→ **Action item**:
Transcribe, with complete accuracy, all of the entries below except for the pictures.

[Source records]
┄┄┄┄┄┄┄┄┄┄┄┄┄┄┄┄┄┄┄┄

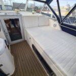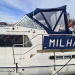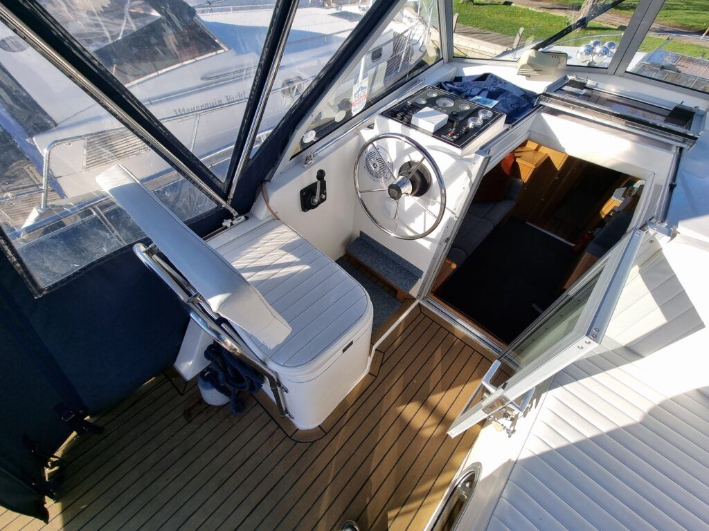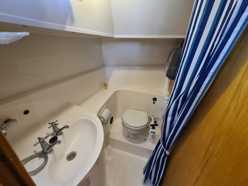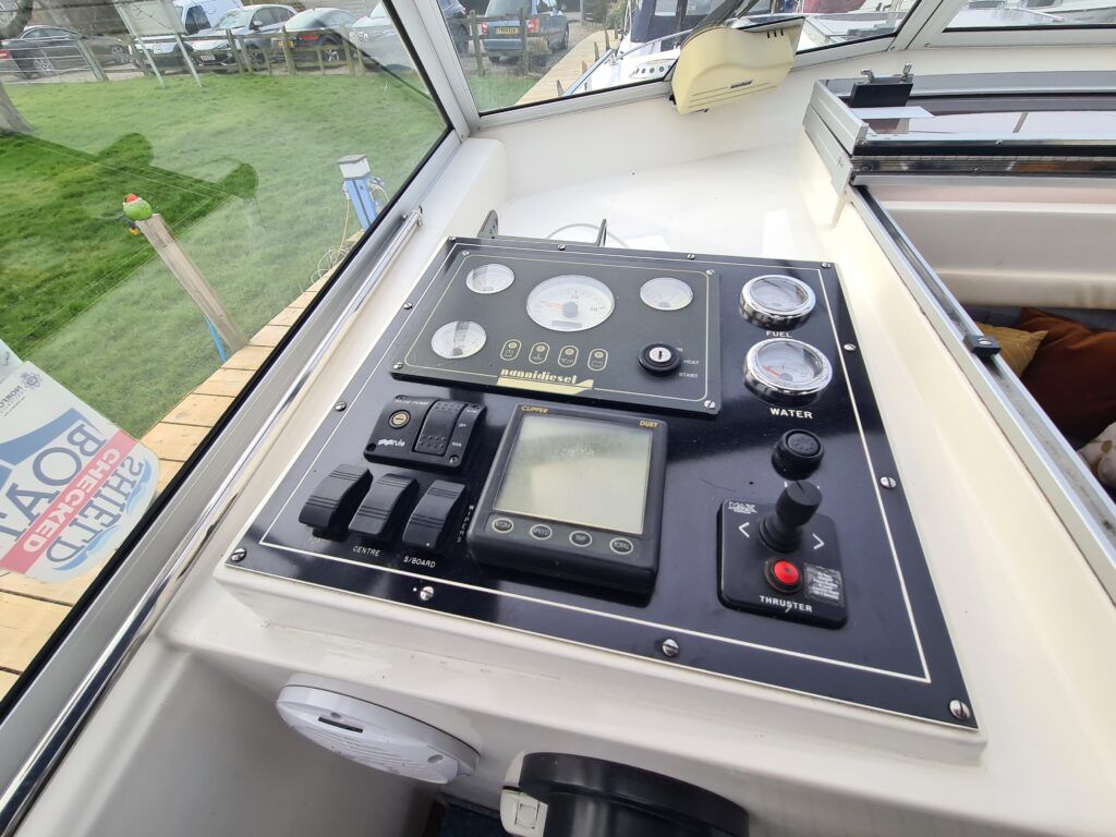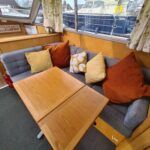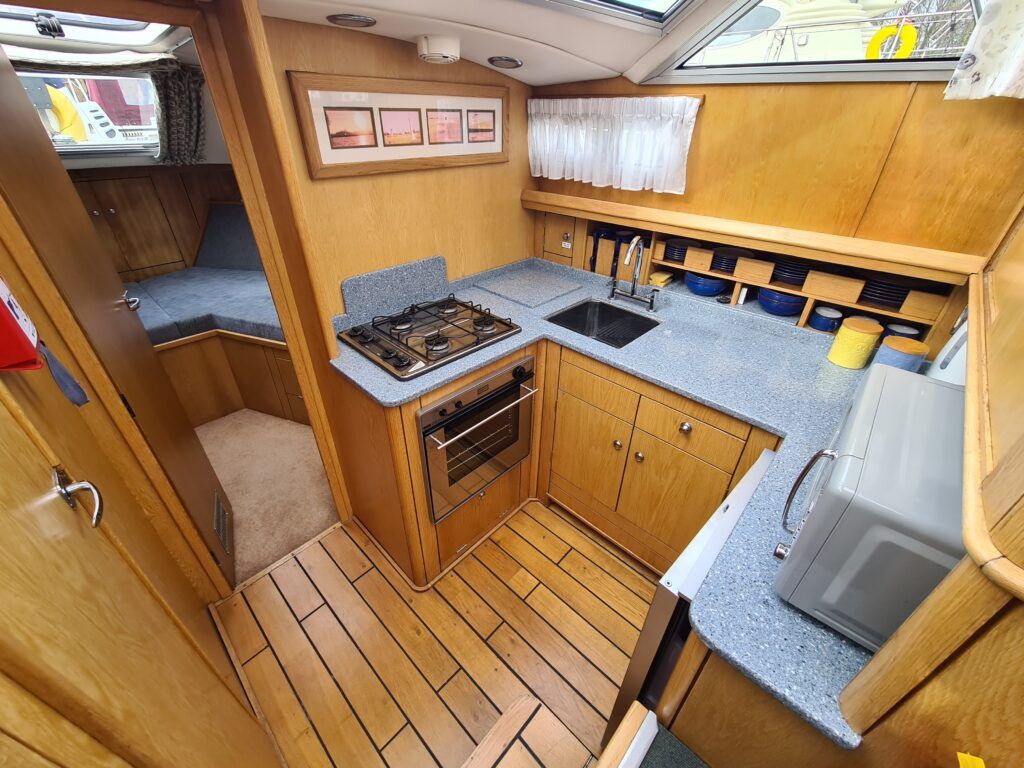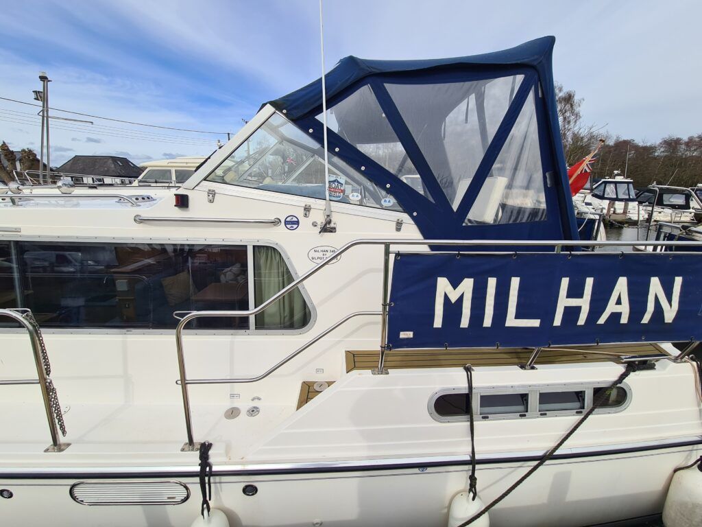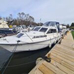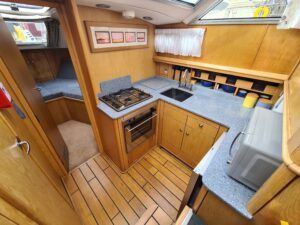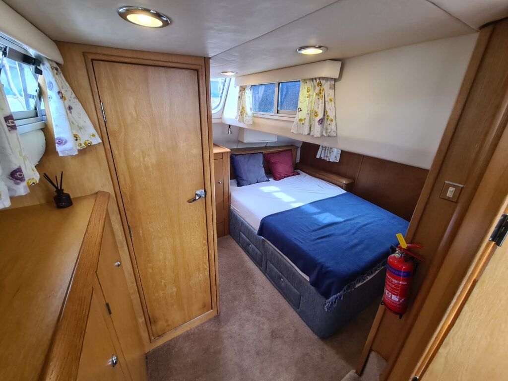 Aquafibre 32 – 2005 (Commissioned 2007) – 1 x Nanni 4.200HE (43hp). 6 berth accommodation over two cabins and saloon with 2 x toilet/shower compartments. Specification including bow thruster, windlass, warm air heating, shore power, battery charger, immersion heater, inverter, speed & depth log, synthetic teak decking to upper sundeck. The most recent Aquafibre 32 to be moulded and fitted out in oak to a high standard by her original owner. Presented in lovely condition. Viewing recommended.
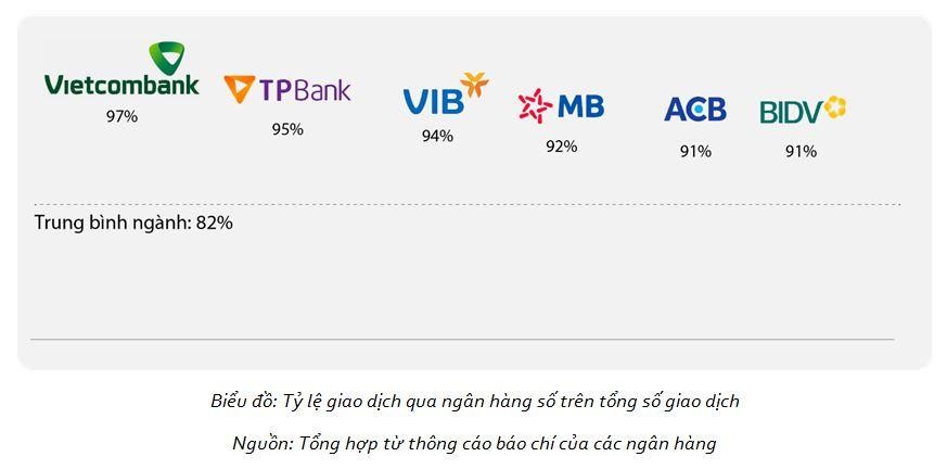 6 trong số 7 ngân hàng niêm yết tiêu biểu đã đầu tư mạnh mẽ vào công cuộc chuyển đổi số trong nhiều năm và nằm trong top dẫn đầu, với tỷ lệ giao dịch qua ngân hàng số chiếm đến trên 90% trên tổng số giao dịch.
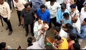 পার্থ খাঁড়া, আমাদের ভারত, পশ্চিম মেদিনীপুর, ৪ মার্চ: পূর্ব মেদিনীপুরের তমলুক থেকে পশ্চিম মেদিনীপুরের মেদিনীপুর শহরে পৌঁছলেন মুখ্যমন্ত্রী মমতা বন্দ্যোপাধ্যায়। সোমবার বেলা ২টো ৪৫- এ মেদিনীপুর শহরের বিধাননগরের মাঠে অস্থায়ী হেলিপ্যাডে অবতরণ করে মুখ্যমন্ত্রীর কপ্টার। তাঁর জন্য গাড়ির ব্যবস্থা থাকলেও, মুখ্যমন্ত্রী পায়ে হেঁটেই রওনা দেন মাত্র কয়েকশো মিটার দূরে অবস্থিত সার্কিট হাউসের দিকে। মুখ্যমন্ত্রীকে দূর থেকে এক ঝলক দেখার জন্য রাস্তার দু’পাশে ভিড় জমিয়েছিলেন অসংখ্য মানুষ। তবে মহিলাদের সংখ্যাই ছিল বেশি। তাঁদের মধ্যেই এক মহিলার কোলে এক শিশুকে দেখে মুখ্যমন্ত্রী হাত বাড়িয়ে দেন। এরপর শিশুটিকে কোলে নিয়ে বেশ কিছুক্ষণ আদর করার পর পুনরায় তার মায়ের কোলে ফিরিয়ে দেন।
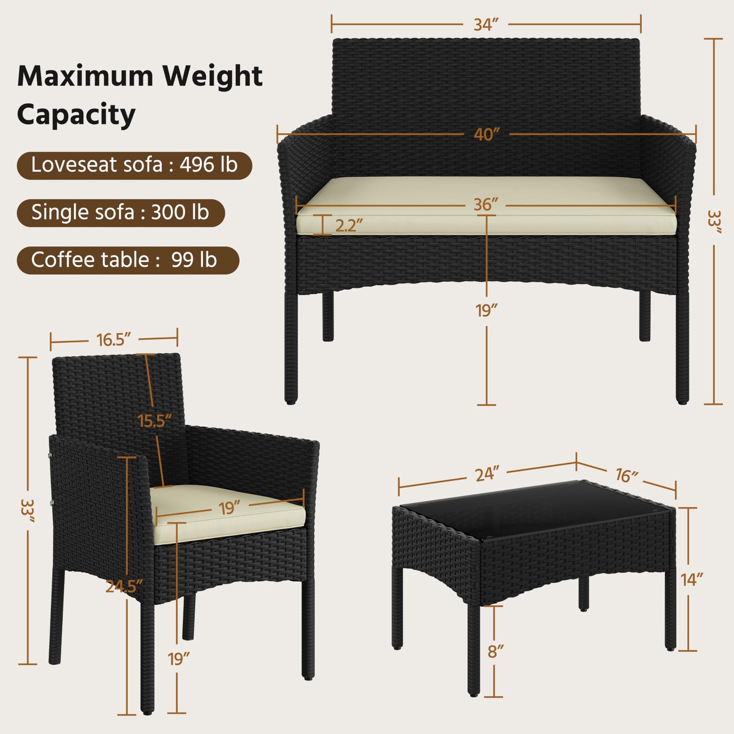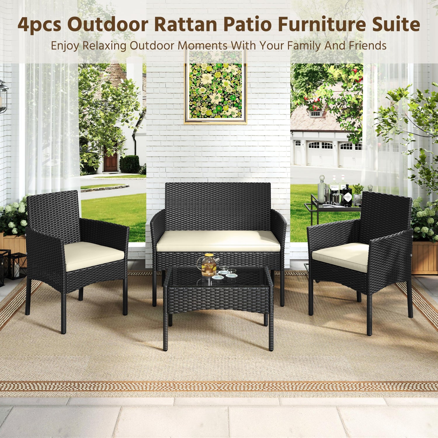Yaheetech Patio Furniture Set 4 Pieces Conversation Sets, Rattan Chair Wicker Set Loveseat with Soft Cushion and Glass Table for Backyard Porch Garden Poolside Balcony, Black and Beige
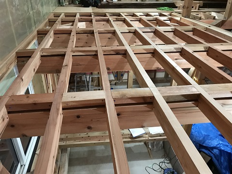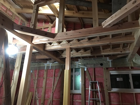外部を囲い込んで、内部の床下地組が進んでいます。外部は外壁工事待ちとなっております。
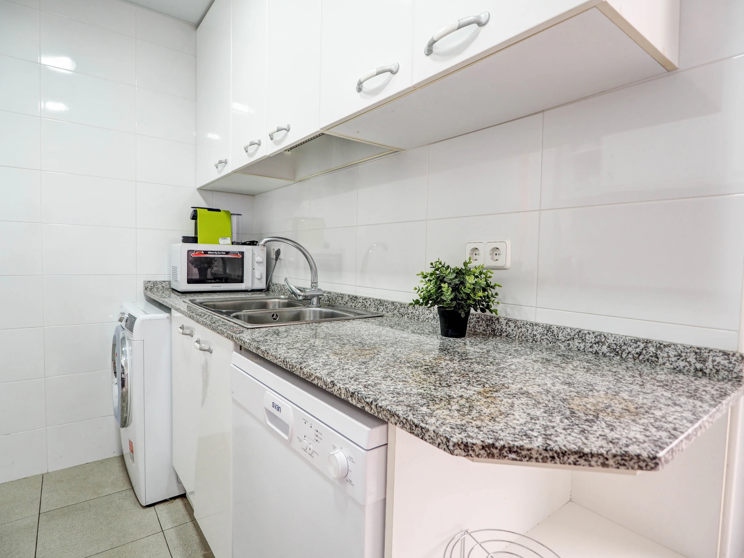 La cocina está equipada con todo lo que pueda necesitar, a excepción del lavavajillas.
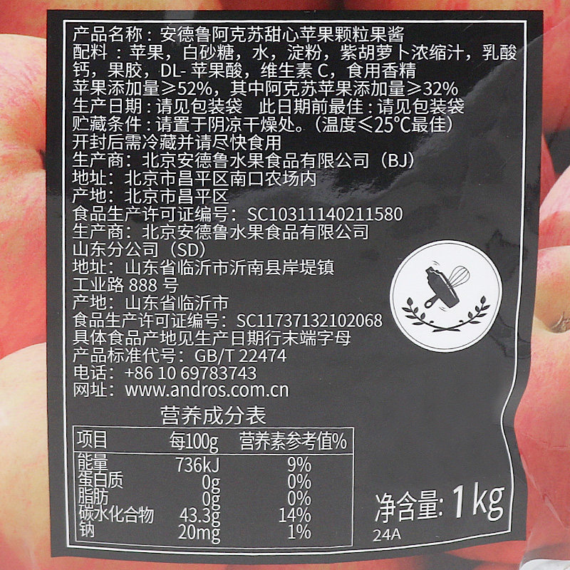 安德鲁阿克苏甜心苹果颗粒果酱1kg 气泡水慕斯甜品夹心果酱商用

┄┄┄┄┄┄┄┄┄┄┄┄┄┄┄┄┄┄┄┄

→ **Exercise output**:
 Aquafibre 32 – 2005 (Commissioned 2007) – 1 x Nanni 4.200HE (43hp). 6 berth accommodation over two cabins and saloon with 2 x toilet/shower compartments. Specification including bow thruster, windlass, warm air heating, shore power, battery charger, immersion heater, inverter, speed & depth log, synthetic teak decking to upper sundeck. The most recent Aquafibre 32 to be moulded and fitted out in oak to a high standard by her original owner. Presented in lovely condition. Viewing recommended.
 6 trong số 7 ngân hàng niêm yết tiêu biểu đã đầu tư mạnh mẽ vào công cuộc chuyển đổi số trong nhiều năm và nằm trong top dẫn đầu, với tỷ lệ giao dịch qua ngân hàng số chiếm đến trên 90% trên tổng số giao dịch.
 পার্থ খাঁড়া, আমাদের ভারত, পশ্চিম মেদিনীপুর, ৪ মার্চ: পূর্ব মেদিনীপুরের তমলুক থেকে পশ্চিম মেদিনীপুরের মেদিনীপুর শহরে পৌঁছলেন মুখ্যমন্ত্রী মমতা বন্দ্যোপাধ্যায়। সোমবার বেলা ২টো ৪৫- এ মেদিনীপুর শহরের বিধাননগরের মাঠে অস্থায়ী হেলিপ্যাডে অবতরণ করে মুখ্যমন্ত্রীর কপ্টার। তাঁর জন্য গাড়ির ব্যবস্থা থাকলেও, মুখ্যমন্ত্রী পায়ে হেঁটেই রওনা দেন মাত্র কয়েকশো মিটার দূরে অবস্থিত সার্কিট হাউসের দিকে। মুখ্যমন্ত্রীকে দূর থেকে এক ঝলক দেখার জন্য রাস্তার দু’পাশে ভিড় জমিয়েছিলেন অসংখ্য মানুষ। তবে মহিলাদের সংখ্যাই ছিল বেশি। তাঁদের মধ্যেই এক মহিলার কোলে এক শিশুকে দেখে মুখ্যমন্ত্রী হাত বাড়িয়ে দেন। এরপর শিশুটিকে কোলে নিয়ে বেশ কিছুক্ষণ আদর করার পর পুনরায় তার মায়ের কোলে ফিরিয়ে দেন।
Yaheetech Patio Furniture Set 4 Pieces Conversation Sets, Rattan Chair Wicker Set Loveseat with Soft Cushion and Glass Table for Backyard Porch Garden Poolside Balcony, Black and Beige
外部を囲い込んで、内部の床下地組が進んでいます。外部は外壁工事待ちとなっております。
 La cocina está equipada con todo lo que pueda necesitar, a excepción del lavavajillas.
 安德鲁阿克苏甜心苹果颗粒果酱1kg 气泡水慕斯甜品夹心果酱商用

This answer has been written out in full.